XX: So first you sent out this comic to the local comic rag and Ms. What happened next?
E: Well, I moved to Taiwan right after that first comic. I worked at a newspaper there as the resident cartoonist/illustrator. It was the first time I'd ever tested myself on whether I could do deadlines, could I do drawings for something I didn't like? I loved it. It's gonna sound really sappy, but it was like 'breathing air for the first time...' What I came back to the States, I still didn't really know whether I was going to pursue comics or illustration. I didn't really know how to go about doing either of those things. I visited New York with my resume from Taiwan and managed to talked to a couple of different art directors.
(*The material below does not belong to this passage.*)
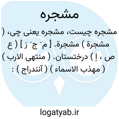( مشجرة ) مشجرة. [ م َ ج َ رَ ] ( ع ص، اِ ) درختستان. ( منتهی الارب ) ( مهذب الاسماء ) ( آنندراج ): أرض مشجرة؛ زمین درخت دار و بسیاردرخت. ( از ناظم الاطباء ). زمین بسیاردرخت. ( از اقرب الموارد ).

Then I visited Seattle, and talked to a bunch of different cartoonists. I talked to Jim Woodring, Roberta Gregory, Pete Bagge, and Michael Dougan. I didn't know it at the time, but I really tapped into all these artists who were really well established. They were all extremely encouraging. I got really, really excited about doing comics. Roberta said I could have a page in Naughty Bits. So then I spent a couple of weeks working on a page, and that's when I did The Girls Get Some Hands-on Experience. It's about coming up with words for masturbation. Then Roberta sent that page to a woman named Roz Warren, who wanted to include the piece and anything else I had in a book. So I immediately started creating comics for publication in a book (What Is This Thing Called SEX?). Then I met Michael Dowers, who does Starhead Comix. He invited me to do Diva, and told me afterward I would probably have my own comic book.

XX:Tomato? Did you just do two?
E: Yes. I really want to do another Tomato. I've been talking about doing another for an embarrassingly long time. I was definitely going to do another before the end of the summer. (Laughter) Well, I guess summer's over. It's really hard to take the time to do it. There's literally no money in it, and it takes a lot of time to develop. I'm definitely keeping my foot in the door with the weekly strip, but I miss doing more sexy stuf. Having your own comic gives you so much freedom. Now I've got this book. It's pretty rare that there's money in comics. It's really, really difficult to support yourself solely on comics. Most comic book artists have to have some other way of earning income. For me, that's mostly illustration work.

XX:You mentioned you were shy as a kid. Do you feel shy now?
E: No. Not for the most part, but I still get shy sometimes. Ninth grade was a real turning point for me. That's when I learned how to be funny. And that made all the difference. (Laughter).